— Task details —
Write out the data word for word and omit every picture.

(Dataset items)
------
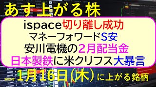 あす上がる株 2025年1月16日(木)に上がる銘柄。ispace切り離し成功。日本製鉄に米クリフス大暴言。マネーフォワードS安。安川電機の2月配当金~最新の日本株情報。高配当株の株価やデイトレ情報~
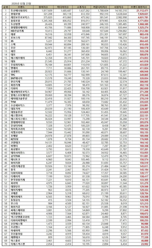한국기업평판연구소는 기계 상장기업 70개 브랜드에 대해 2026년 1월 23일부터 2026년 2월 23일까지의 기계 상장기업 브랜드 빅데이터 58,123,492개를 분석한 결과 지난 1월 기계 상장기업 브랜드 빅데이터 45,220,925개와 비교하면 28.53% 증가했다고 밝혔다.
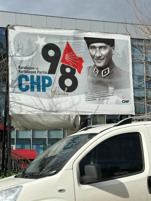 Bornova’da bir garip billboard: CHP 98 yaşında mı?
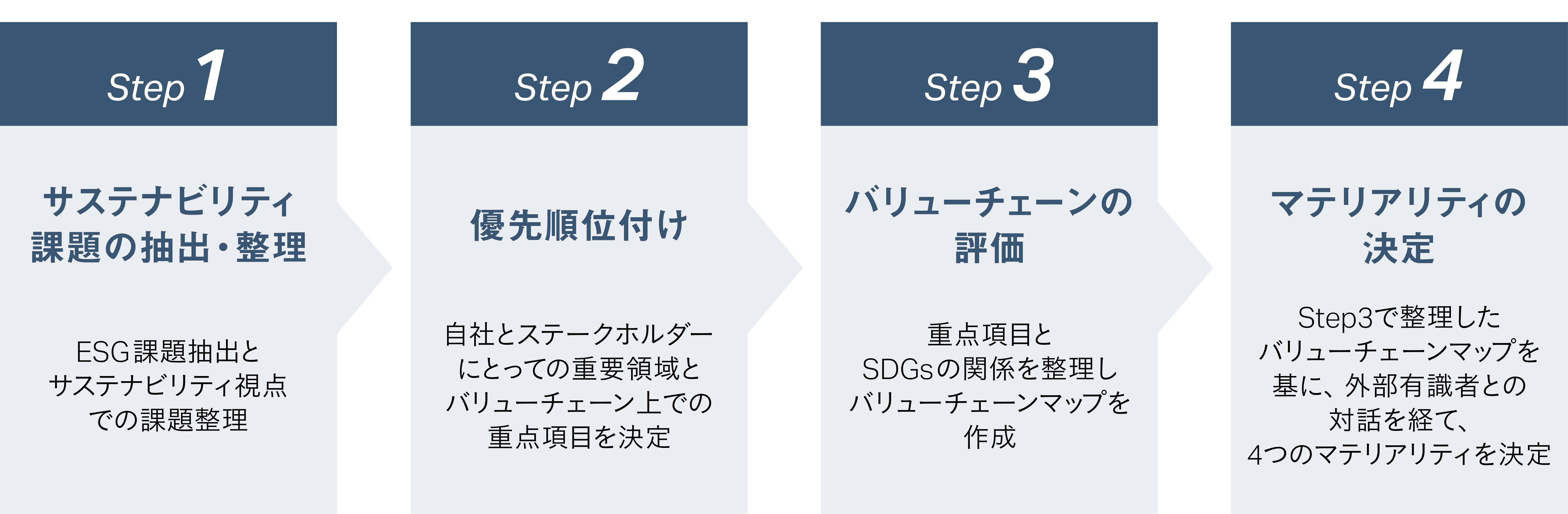 当社グループでは、マテリアリティ(重要課題)の特定にあたり、以下のプロセスを経て選定を行い、サステナビリティ委員会の承認を得た上で決定しています。
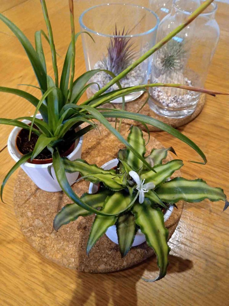 クリプタンサス。こんなの買ってみたのは初めてで、育て方などほとんどわかりません。この間あぁ何か蕾のような物が出てきたなと思っていましたが、その時はそのまま茶色くなって終わってしまいました。そして今日気が付いたら小さな花が!!
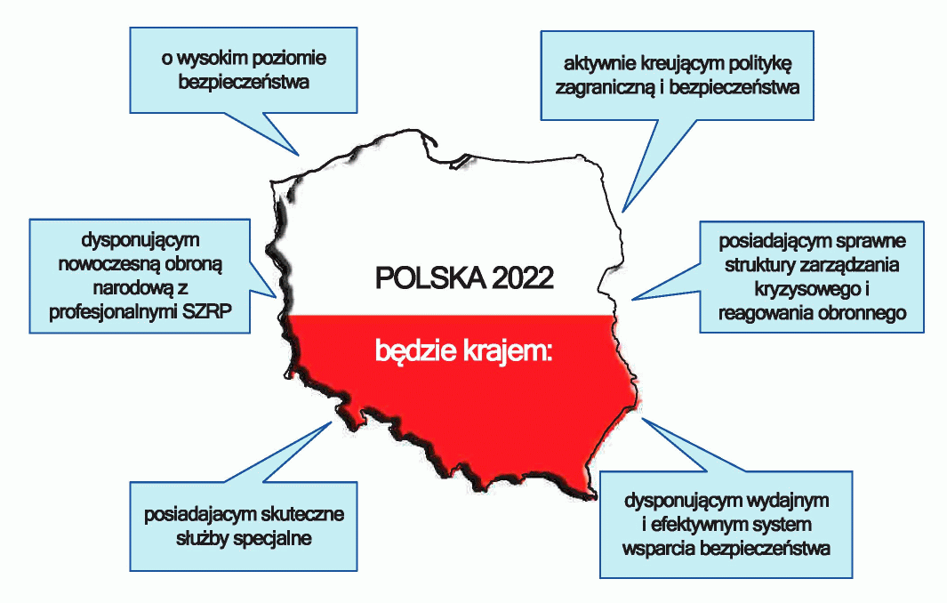 Zapewnienie bezpieczeństwa państwa oraz jego obywateli należy do żywotnych interesów narodowych Rzeczypospolitej Polskiej. Bezpieczeństwo narodowe oznacza zdolność państwa i jego społeczeństwa do zapewnienia warunków jego istnienia i rozwoju, integralności terytorialnej, niezależności politycznej, stabilności wewnętrznej oraz jakości życia. Zdolność ta jest kształtowana poprzez działania polegające na wykorzystaniu szans, podejmowaniu wyzwań, redukowaniu ryzyka oraz eliminowaniu zagrożeń zewnętrznych i wewnętrznych, co zapewnia trwanie, tożsamość, funkcjonowanie i swobody rozwojowe państwa i narodu (społeczeństwa)1.
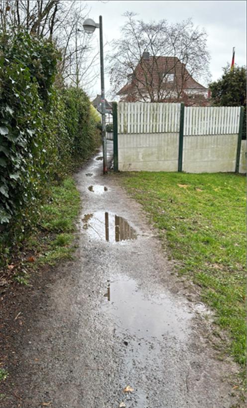 Der schmale Fußweg hinter dem Sibi wird täglich von vielen Schülern und Anwohnern benutzt. Dieser Pfad hatte sich durch unzureichende Pflege zu einer „Pfützen-Hindernis-Strecke“ entwickelt. Für Fußgänger, darunter auch viele Mütter mit Kindern, war insbesondere bei und nach Regen der Weg kaum noch zu passieren. Und die Sibi-Schüler betraten mit dreckigen Schuhen das Schulgebäude. Das folgende Foto zeigte die Situation:
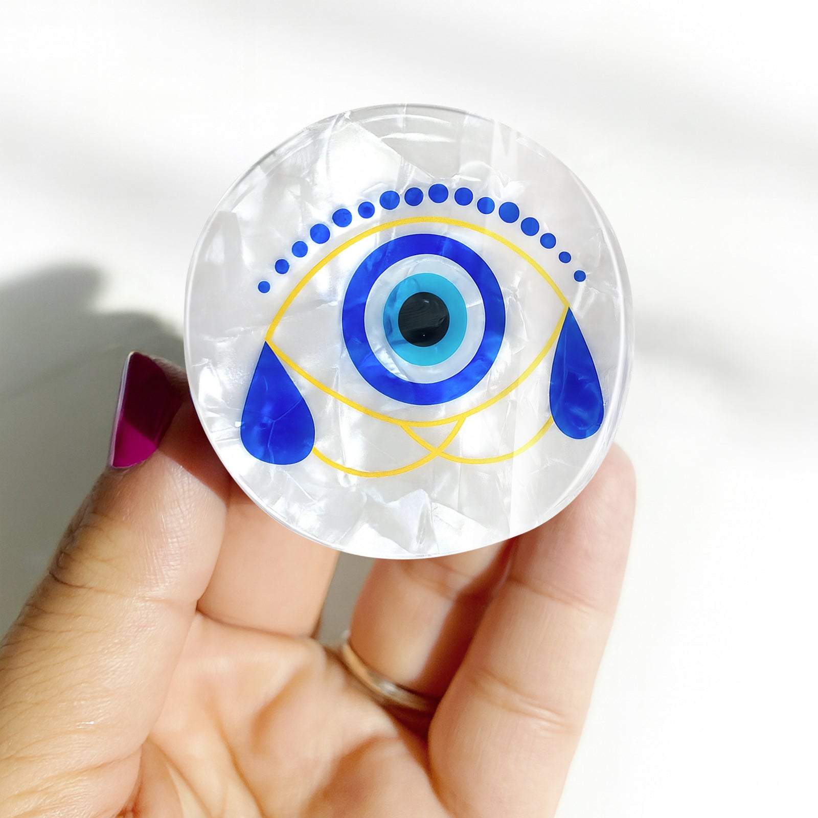 Ajoute une aura mystique à ta coiffure avec la Pince Cheveux Mirage Ayin Hara. Inspirée du symbole ancestral de l’« Ayin Hara », l’œil protecteur contre les énergies négatives cette pince allie spiritualité et style.
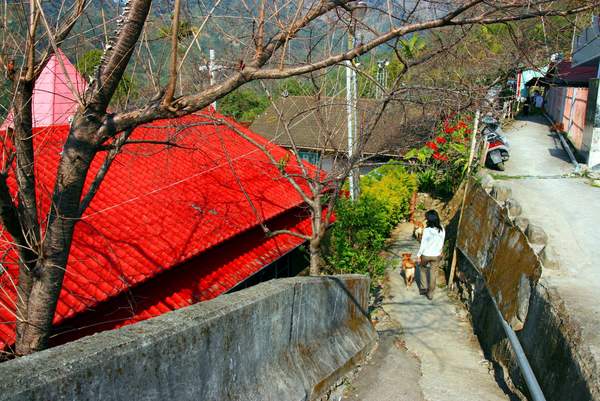 在阿里山鄉,幾乎家家戶戶都有種花,公路兩旁也是,花色鮮豔且以紅色為主,像聖誕紅、九重葛、山櫻花等,在歲末聖誕假期裡,更是應景。
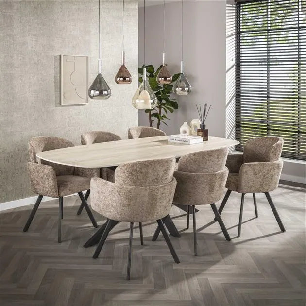 Le Fauteuil Pivotant Design séduit par son allure contemporaine et sa silhouette raffinée. Sa structure en acier thermolaqué lui confère une présence élégante et stable, tandis que son assise pivotante offre une grande liberté de mouvement. Revêtu d’un somptueux tissu chenille à tissage grossier, il apporte une texture chaleureuse et un style haut de gamme à n’importe quel espace. Vendu par lot de deux, il permet de créer un duo harmonieux et sophistiqué.
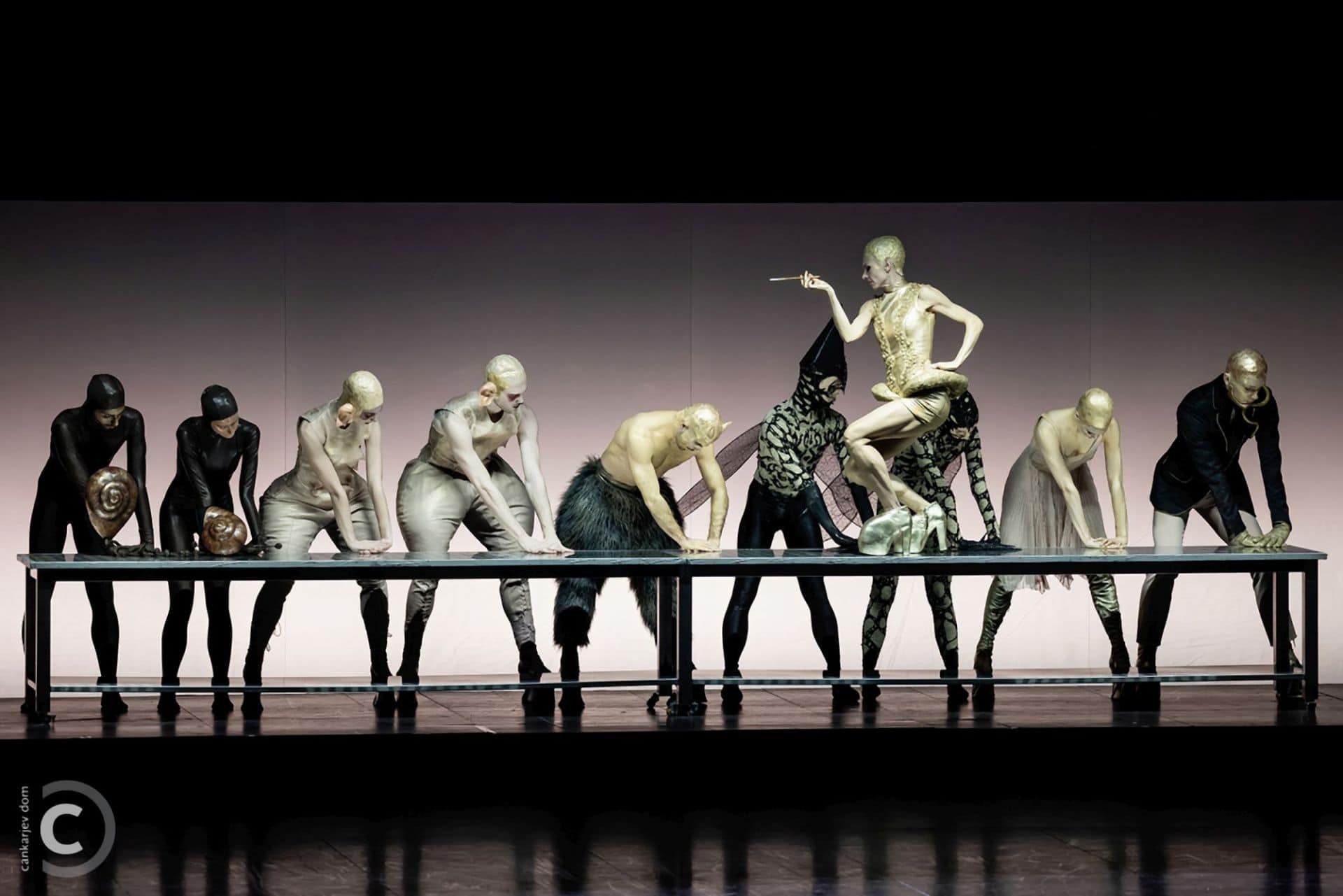 Tudi kostumografija Lea Kulaša poglobljeno sledi koreografski dramatiki. V drugem dejanju Valpurgine noči smo priče karikiranim človeškim dušam: polžji spolzko plazeči se eleganci, ali dvojčkom obloženih bokov ter ozadja z velikanskimi ušesi in nosnim trobilom…pa še ostalemu neopredeljenemu napuhu karikiranih gest ter opredeljene kostumski zasnove.
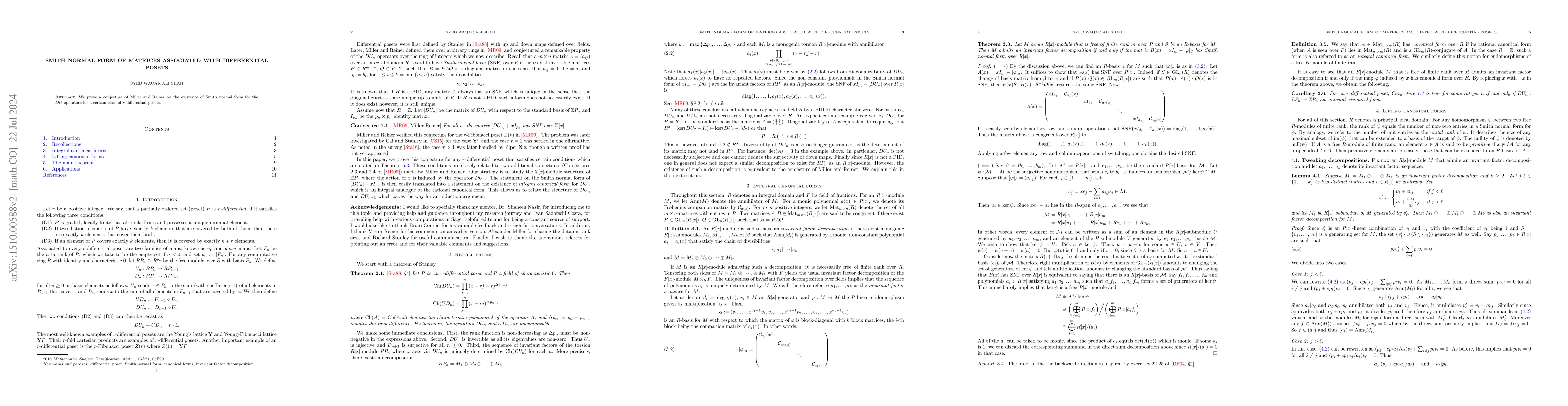 We prove a conjecture of Miller and Reiner on the Smith Normal Form of the operator $DU_{n}$ associated with a differential poset under certain conditions. We do so by proving that the conjecture is equivalent to the existence of a certain decomposition of the $ \mathbb{Z}[x]$-module $ (\mathbb{Z}^{p_{n} }, DU_{n}) $, similar to the invariant factor decomposition of $ \mathbb{Q}[x]$-modules. We then use our result to verify the conjecture in certain special cases.
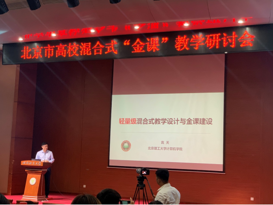 10月11日,为推进现代信息技术与教育教学深度融合,打造线上线下混合式“金课”,由我校和东西部高校课程共享联盟共同主办,智慧树网承办的北京市高校混合式“金课”教学研讨会在我校逸夫报告厅举行,副校长张宝钧出席大会。
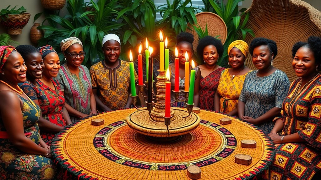 You’ll find that many Kwanzaa celebrations include the use of woven mats, called mkeka, which symbolize tradition and respect for African heritage. Placing the kinara on the mkeka creates a visual connection to the continent’s cultural symbols and traditions. You might also include baskets, crops, or artwork inspired by African motifs to further emphasize the connection to African culture. These symbols serve as a visual reminder of the history and resilience of African ancestors, fostering a sense of pride and continuity.
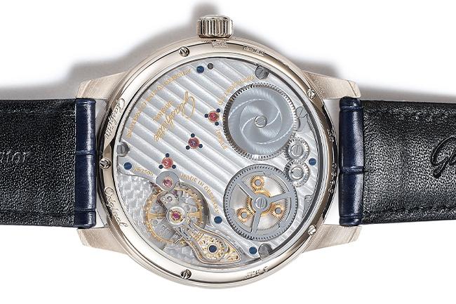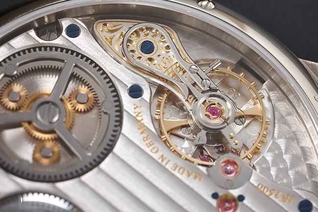 格拉蘇蒂Senator Chronometer議員天文臺腕錶的準確度,來自於期內裝58-01手上鍊機芯,這是格拉蘇蒂所自行研發製作的機芯。板路佈局展現高度德式機芯風格,包括3/4夾板,鵝頸微調等結構。較為大片的3/4夾板,組裝時需先將所有結構輪系都安置妥當,一口氣蓋下。如果稍有不慎,很有可能損壞細緻的輪軸,組裝較一般多片結構困難也更需要技巧。連帶的之後維修保養也有一定難度。但如此構造除了能更明確看清拋光打磨的功力外,整片蓋實,連帶也有更堅固的強度,確實符合格拉蘇蒂原創的務實態度。另一特色,則是以其優美形狀得名的鵝頸式微調。這是種優化過後的快慢針,以螺絲調整加長的快慢針,進而改變游絲長度,調整擺動時間,減少誤差。如此做法也比直接調整快慢針更細膩精準些。但缺點是如此干涉游絲形狀,時間一長,可能會造成變形,反而增加誤差。不過對於導入電腦運算、精密機械製作,誤差大減的現代製錶來說,鵝頸微調的主要意義,該當還是在於所代表的傳統德式製錶內涵,以及美觀(尤其進一步加上細膩雕刻之後,感覺更為精緻)。
------
— Answer to this problem —
 あす上がる株 2025年1月16日(木)に上がる銘柄。ispace切り離し成功。日本製鉄に米クリフス大暴言。マネーフォワードS安。安川電機の2月配当金~最新の日本株情報。高配当株の株価やデイトレ情報~
한국기업평판연구소는 기계 상장기업 70개 브랜드에 대해 2026년 1월 23일부터 2026년 2월 23일까지의 기계 상장기업 브랜드 빅데이터 58,123,492개를 분석한 결과 지난 1월 기계 상장기업 브랜드 빅데이터 45,220,925개와 비교하면 28.53% 증가했다고 밝혔다.
 Bornova’da bir garip billboard: CHP 98 yaşında mı?
 当社グループでは、マテリアリティ(重要課題)の特定にあたり、以下のプロセスを経て選定を行い、サステナビリティ委員会の承認を得た上で決定しています。
 クリプタンサス。こんなの買ってみたのは初めてで、育て方などほとんどわかりません。この間あぁ何か蕾のような物が出てきたなと思っていましたが、その時はそのまま茶色くなって終わってしまいました。そして今日気が付いたら小さな花が!!
 Zapewnienie bezpieczeństwa państwa oraz jego obywateli należy do żywotnych interesów narodowych Rzeczypospolitej Polskiej. Bezpieczeństwo narodowe oznacza zdolność państwa i jego społeczeństwa do zapewnienia warunków jego istnienia i rozwoju, integralności terytorialnej, niezależności politycznej, stabilności wewnętrznej oraz jakości życia. Zdolność ta jest kształtowana poprzez działania polegające na wykorzystaniu szans, podejmowaniu wyzwań, redukowaniu ryzyka oraz eliminowaniu zagrożeń zewnętrznych i wewnętrznych, co zapewnia trwanie, tożsamość, funkcjonowanie i swobody rozwojowe państwa i narodu (społeczeństwa)1.
 Der schmale Fußweg hinter dem Sibi wird täglich von vielen Schülern und Anwohnern benutzt. Dieser Pfad hatte sich durch unzureichende Pflege zu einer „Pfützen-Hindernis-Strecke“ entwickelt. Für Fußgänger, darunter auch viele Mütter mit Kindern, war insbesondere bei und nach Regen der Weg kaum noch zu passieren. Und die Sibi-Schüler betraten mit dreckigen Schuhen das Schulgebäude. Das folgende Foto zeigte die Situation:
 Ajoute une aura mystique à ta coiffure avec la Pince Cheveux Mirage Ayin Hara. Inspirée du symbole ancestral de l’« Ayin Hara », l’œil protecteur contre les énergies négatives cette pince allie spiritualité et style.
 在阿里山鄉,幾乎家家戶戶都有種花,公路兩旁也是,花色鮮豔且以紅色為主,像聖誕紅、九重葛、山櫻花等,在歲末聖誕假期裡,更是應景。
 Le Fauteuil Pivotant Design séduit par son allure contemporaine et sa silhouette raffinée. Sa structure en acier thermolaqué lui confère une présence élégante et stable, tandis que son assise pivotante offre une grande liberté de mouvement. Revêtu d’un somptueux tissu chenille à tissage grossier, il apporte une texture chaleureuse et un style haut de gamme à n’importe quel espace. Vendu par lot de deux, il permet de créer un duo harmonieux et sophistiqué.
 Tudi kostumografija Lea Kulaša poglobljeno sledi koreografski dramatiki. V drugem dejanju Valpurgine noči smo priče karikiranim človeškim dušam: polžji spolzko plazeči se eleganci, ali dvojčkom obloženih bokov ter ozadja z velikanskimi ušesi in nosnim trobilom…pa še ostalemu neopredeljenemu napuhu karikiranih gest ter opredeljene kostumski zasnove.
 We prove a conjecture of Miller and Reiner on the Smith Normal Form of the operator $DU_{n}$ associated with a differential poset under certain conditions. We do so by proving that the conjecture is equivalent to the existence of a certain decomposition of the $ \mathbb{Z}[x]$-module $ (\mathbb{Z}^{p_{n} }, DU_{n}) $, similar to the invariant factor decomposition of $ \mathbb{Q}[x]$-modules. We then use our result to verify the conjecture in certain special cases.
 10月11日,为推进现代信息技术与教育教学深度融合,打造线上线下混合式“金课”,由我校和东西部高校课程共享联盟共同主办,智慧树网承办的北京市高校混合式“金课”教学研讨会在我校逸夫报告厅举行,副校长张宝钧出席大会。
 You’ll find that many Kwanzaa celebrations include the use of woven mats, called mkeka, which symbolize tradition and respect for African heritage. Placing the kinara on the mkeka creates a visual connection to the continent’s cultural symbols and traditions. You might also include baskets, crops, or artwork inspired by African motifs to further emphasize the connection to African culture. These symbols serve as a visual reminder of the history and resilience of African ancestors, fostering a sense of pride and continuity.
 格拉蘇蒂Senator Chronometer議員天文臺腕錶的準確度,來自於期內裝58-01手上鍊機芯,這是格拉蘇蒂所自行研發製作的機芯。板路佈局展現高度德式機芯風格,包括3/4夾板,鵝頸微調等結構。較為大片的3/4夾板,組裝時需先將所有結構輪系都安置妥當,一口氣蓋下。如果稍有不慎,很有可能損壞細緻的輪軸,組裝較一般多片結構困難也更需要技巧。連帶的之後維修保養也有一定難度。但如此構造除了能更明確看清拋光打磨的功力外,整片蓋實,連帶也有更堅固的強度,確實符合格拉蘇蒂原創的務實態度。另一特色,則是以其優美形狀得名的鵝頸式微調。這是種優化過後的快慢針,以螺絲調整加長的快慢針,進而改變游絲長度,調整擺動時間,減少誤差。如此做法也比直接調整快慢針更細膩精準些。但缺點是如此干涉游絲形狀,時間一長,可能會造成變形,反而增加誤差。不過對於導入電腦運算、精密機械製作,誤差大減的現代製錶來說,鵝頸微調的主要意義,該當還是在於所代表的傳統德式製錶內涵,以及美觀(尤其進一步加上細膩雕刻之後,感覺更為精緻)。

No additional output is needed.